Vor zehn Jahren, am 12. Januar 2010, wird der karibische Inselstaat Haiti von einem verheerenden Erdbeben erschüttert. 90 Prozent der Gebäude werden zerstört. Mindestens 300.000 Menschen sterben laut offiziellen staatlichen Angaben - manche schätzen die Zahl der Toten sogar auf bis zu eine halbe Million.
Städte und Dörfer liegen in Schutt und Asche. Zahlreiche Hilfsorganisationen kommen daraufhin in das Land, um die obdachlos gewordenen Menschen zu unterstützen und beim Wiederaufbau zu helfen. Doch auch zehn Jahre später steckt das ärmste Land Amerikas noch tief in der Krise.
Mehr als 300.000 Menschen gestorben
Soziale Missstände, Korruption und gewaltsame Proteste plagen den Inselstaat heute. Das Erdbeben - ein Tiefpunkt, aber keinesfalls der Auslöser der haitianischen Dauerkrise. Immer wieder wird das Land von Naturkatastrophen aber auch politischen Krisen gebeutelt.
Diktatoren, korrupte Regierungen und bewaffnete Banden herrschen hier seit Jahrzehnten in unterschiedlichen Konstellationen. Besonders brutal: die fast 30-jährige Diktatur von Francois Duvalier und seinem Sohn Jean-Claude von Ende der 50er- bis Ende der 80er-Jahre.
Seit Februar 2017 wird das Land von dem Unternehmer Jovenel Moise regiert. Doch auch er setzt Korruption und Misswirtschaft kein Ende. Unter seiner Ägide sollen Milliarden aus dem sogenannten Petro-Caribe-Fonds versickert sein. Es handelte sich um Rücklagen aus verbilligten Ankäufen von Erdöl aus Venezuela.
Das Geld war ursprünglich für den Aufbau der Infrastruktur und Hilfsprojekte in Haiti gedacht. Seit Bekanntwerden dieses Skandals fordern Zehntausende Haitianer Woche für Woche politische Veränderungen und gehen gegen die Regierung auf die Straße - es gab bereits mehrere Dutzend Tote.
Haitianer wünschen sich Wandel
Die Lage scheint auch abseits der politischen Ebene desolat. Die Vereinten Nationen bezifferten den humanitären Bedarf in Haiti für das Jahr 2019 auf rund 126 Millionen US-Dollar. Betroffen seien vor allem die Bereiche Nahrungsmittelhilfe, Gesundheitsversorgung, Schutz, Bereitstellung von Notunterkünften sowie Wasser, Sanitär und Hygiene für etwa 1,3 Millionen hilfsbedürftige Menschen in dem Zehn-Millionen-Einwohner-Land.
Auch die Landwirtschaft, wo immerhin die Hälfte aller Haitianer tätig ist, steht vor enormen Herausforderungen.

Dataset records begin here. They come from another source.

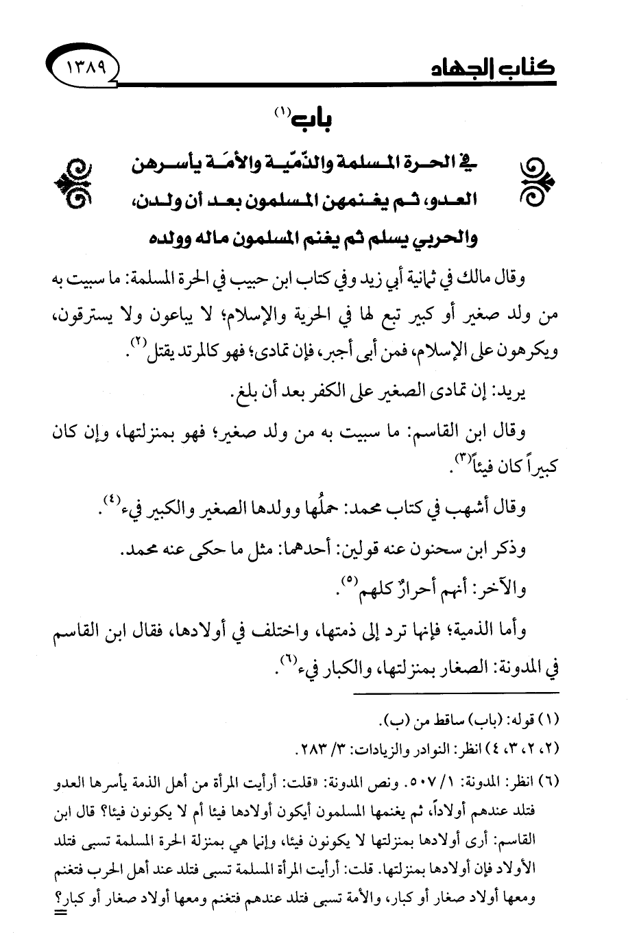 (¬6) انظر: المدونة: 1/ 507. ونص المدونة: "قلت: أرأيت المرأة من أهل الذمة يأسرها العدو فتلد عندهم أولادًا، ثم يغنمها المسلمون أيكون أولادها فيئا أم لا يكونون فيئا؟ قال ابن القاسم: أرى أولادها بمنزلتها لا يكونون فيئا، وإنا هي بمنزلة الحرة المسلمة تسبى فتلد الأولاد فإن أولادها بمنزلتها. قلت: أرأيت المرأة المسلمة تسبى فتلد عند أهل الحرب فتغنم ومعها أولاد صغار أو كبار، والأمة تسبى فتلد عندهم فتغنم ومعها أولاد صغار أو كبار؟ =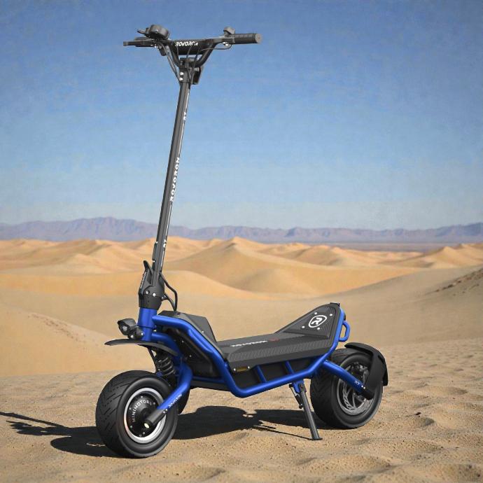 La Rovoron R7 est une trottinette électrique puissante et tout terrain. Son châssis tubulaire renforcé et ses suspensions à toute épreuve vous permettent de conduire partout ou presque.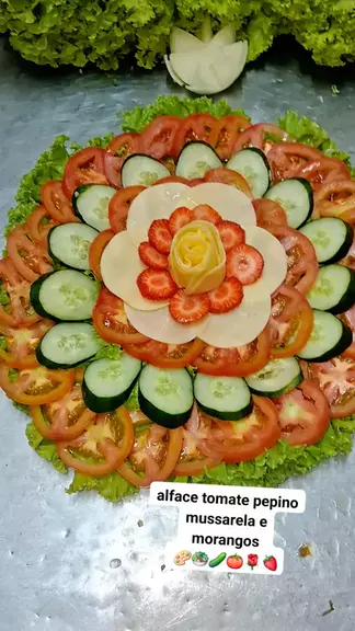 salada de alface vom tomate pepino mussarela e morangos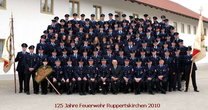 Die Freiwillige Feuerwehr Ruppertskirchen kann im Jahr 2010 stolz auf ihre Gründung vor 125 Jahren im Jahre 1885 zurückblicken. Mit einem dreitägigen Fest feierten wir dieses Jubiläum gemeinsam mit Gästen aus Nah und Fern bei uns im Dorf mit Zeltdisco, Festabend und Weihe der neuen Fahne gebührend.Die 22 Festausschussmitglieder kamen am 21. April 2008 zur ersten Festausschusssitzung zusammen. Es wurden Unterausschüsse gebildet welche sich mit den Themen "Festschrift", "Festzug", "Festgottesdienst", "Festbüro", "Festzelt" und "Zeltdisco" beschäftigten.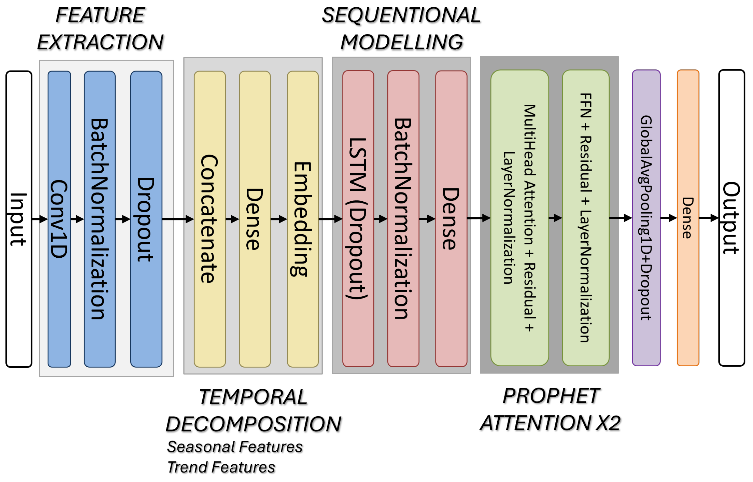 22] have shown promising results, they have been validated primarily on residential benchmarks (e.g., REDD, UK-DALE); their behavior on commercial loads with high inter-unit correlation or industrial loads with high-power transient signatures remains uncharacterized. Third, temporal-decomposition paradigms inspired by Prophet and causal-attention paradigms inspired by GPT have not been adapted or evaluated for NILM, despite their demonstrated effectiveness in related time series forecasting tasks. The present study is positioned to address these gaps by providing a controlled, multi-architecture comparison across three building domains under a unified experimental protocol.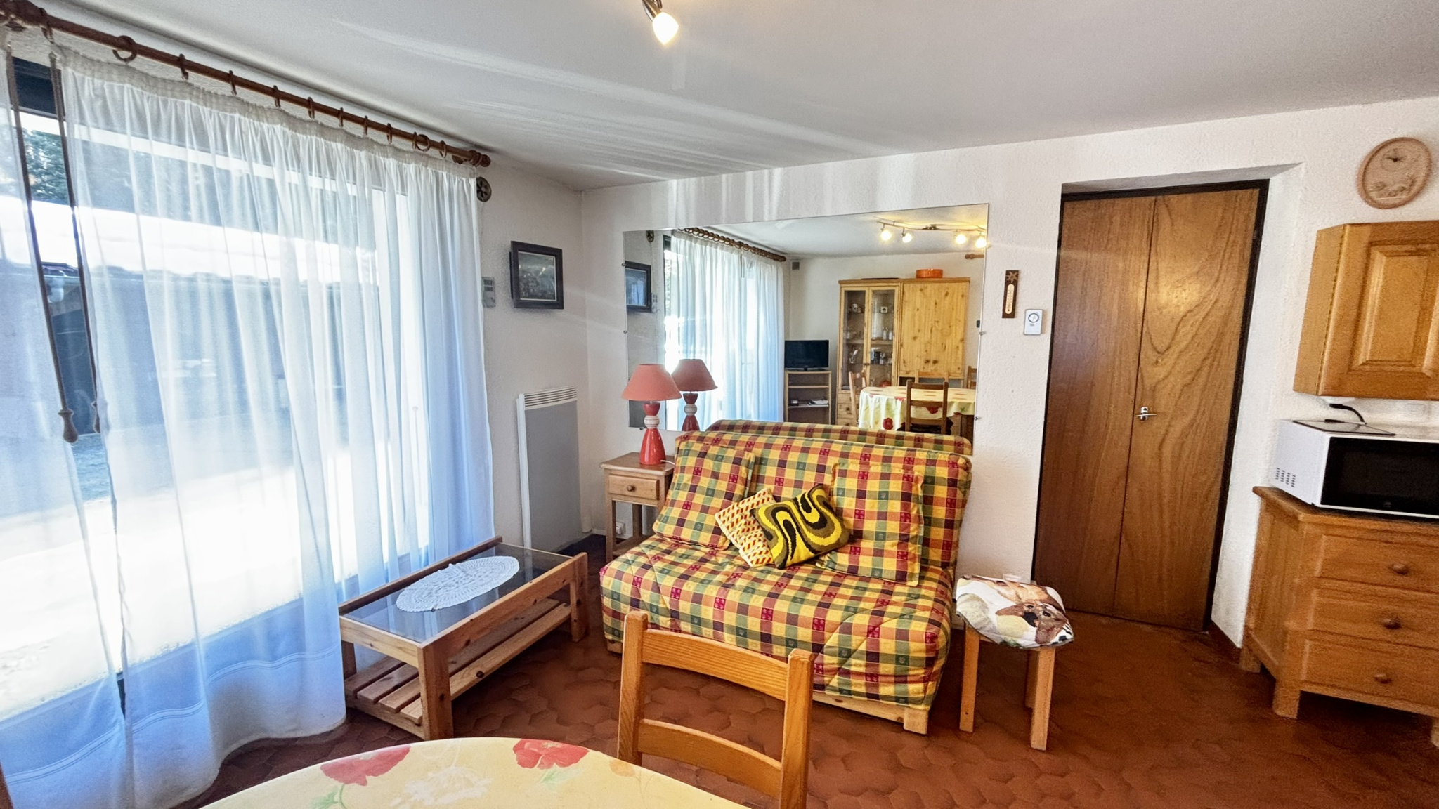 L'appartement se compose d'une entrée avec rangements, d'un grand séjour avec cuisine ouverte, d'une salle de douche, ainsi que d'une chambre double et une cabine avec lits superposés. Sa configuration permet d'accueillir jusqu'à 4/6 couchages confortablement, idéal pour un pied-à-terre à la montagne ou un investissement locatif.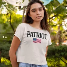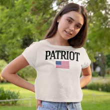 America Flag Patriot Cropped T-Shirt – USA Trendy Tee – Patriotic Women’s Basic T-Shirt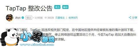 接相关部门通知,TapTap 因违反相关部门规定,在中国地区提供未经审核批准的境外游戏下载,从即日起接受处罚,进行全面整改,停止网络游戏运营活动三个月,今后 TapTap 将加大自查自纠力度,严格遵守相关法律法规,望玩家谅解。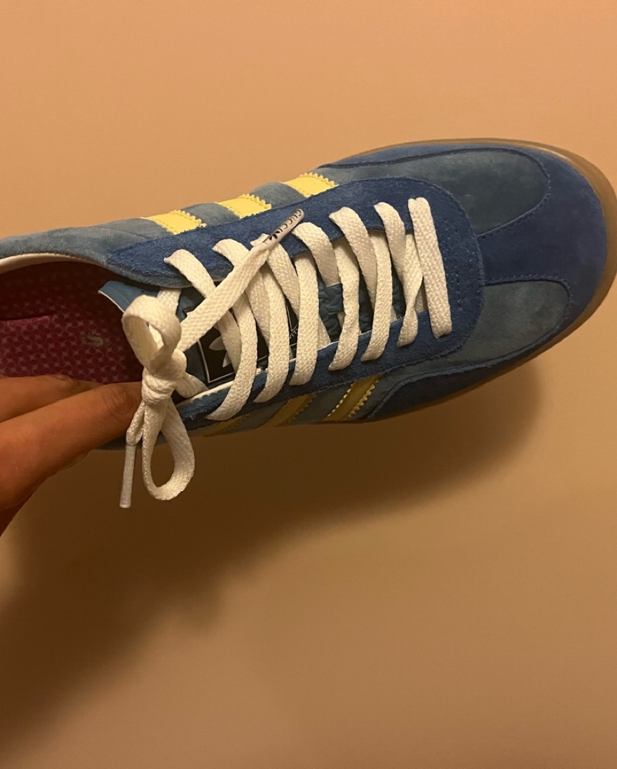 US Mens size 5, fits like a womens 7. Made in Italy, the low-slung silhouette carries a blue velvet upper with tonal suede construction on the eyestay and forefoot overlay.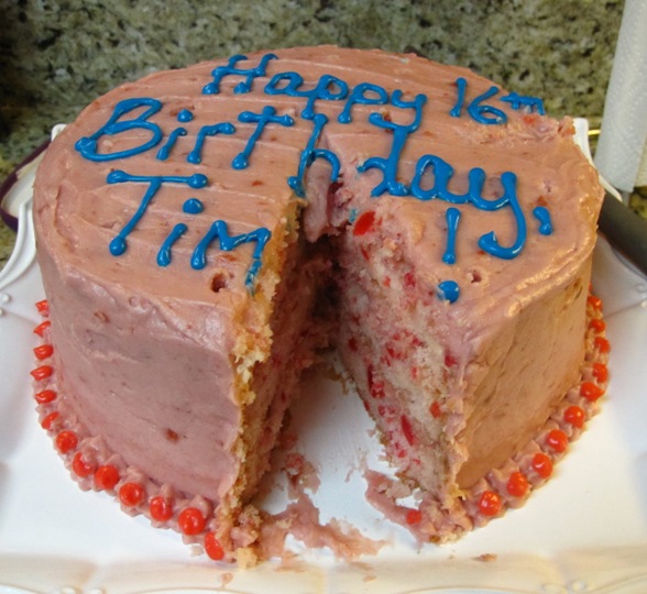 We celebrated a birthday around here this weekend. Happy Birthday, Timmy! Don’t mind the fact that the cake is pink. He likes it!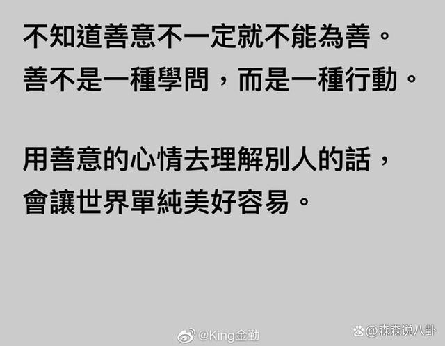 杨丞琳小时候吃不起海鲜,并不是什么新鲜事,有槽点但不至于闹得满城风雨,台湾女歌手阿爆(阿仍仍)受访表示,现在看到的只是一个片段,这个片段会产生不同的阶段,资讯要多一点才能片段,声援杨丞琳。杨丞琳的闺蜜金勤在微博为其发声:" 用善意的心情去理解别人的话,会让世界单纯美好容易。"

Anhaltende Dürre und die Folgen des Klimawandels lassen die Erträge nur mager ausfallen. Die ländlichen Gebiete Haitis sind von Abholzungen und Entwaldungen gezeichnet, die Städte latent von Naturkatastrophen bedroht. Sie liegen an Küsten, Flüssen oder Berghängen und sind der Gefahr von Überschwemmungen, Erdruschen und Wirbelstürmen ausgesetzt.
Nach Angaben der Entwicklungs- und Umweltorganisation Germanwatch liegt Haiti auf Rang drei der Staaten, die am massivsten von Stürmen, Überflutungen und Dürren heimgesucht werden. Wer sein Hab und Gut trotz allem retten kann, besitzt oft zu wenig Land, um sich und die Familie ernähren zu können.
Staatengemeinschaft verhält sich passiv
Das sorgt für sozialen Sprengstoff. Auch die medizinische Versorgung ist unzureichend. Spannungen und Unruhen erschweren die Betreuung von Patienten zusätzlich. Seit 2004 versuchten UN-Missionen die staatliche Ordnung in Haiti aufrechtzuerhalten, im vergangenen Herbst zogen sie ab.
Beobachter wie Misereor-Chef Pirmin Spiegel fragen sich unterdessen, warum die Staatengemeinschaft sich derart passiv verhält und Präsident Moise weiter unterstützt - "trotz zahlreicher von ihm zu verantwortender Menschenrechtsverletzungen und staatlicher Gewalt gegen Demonstranten mit Toten und Verletzten".
Die Situation drohe außer Kontrolle zu geraten, warnt Spiegel. "In Haiti wächst die Gefahr eines Bürgerkriegs."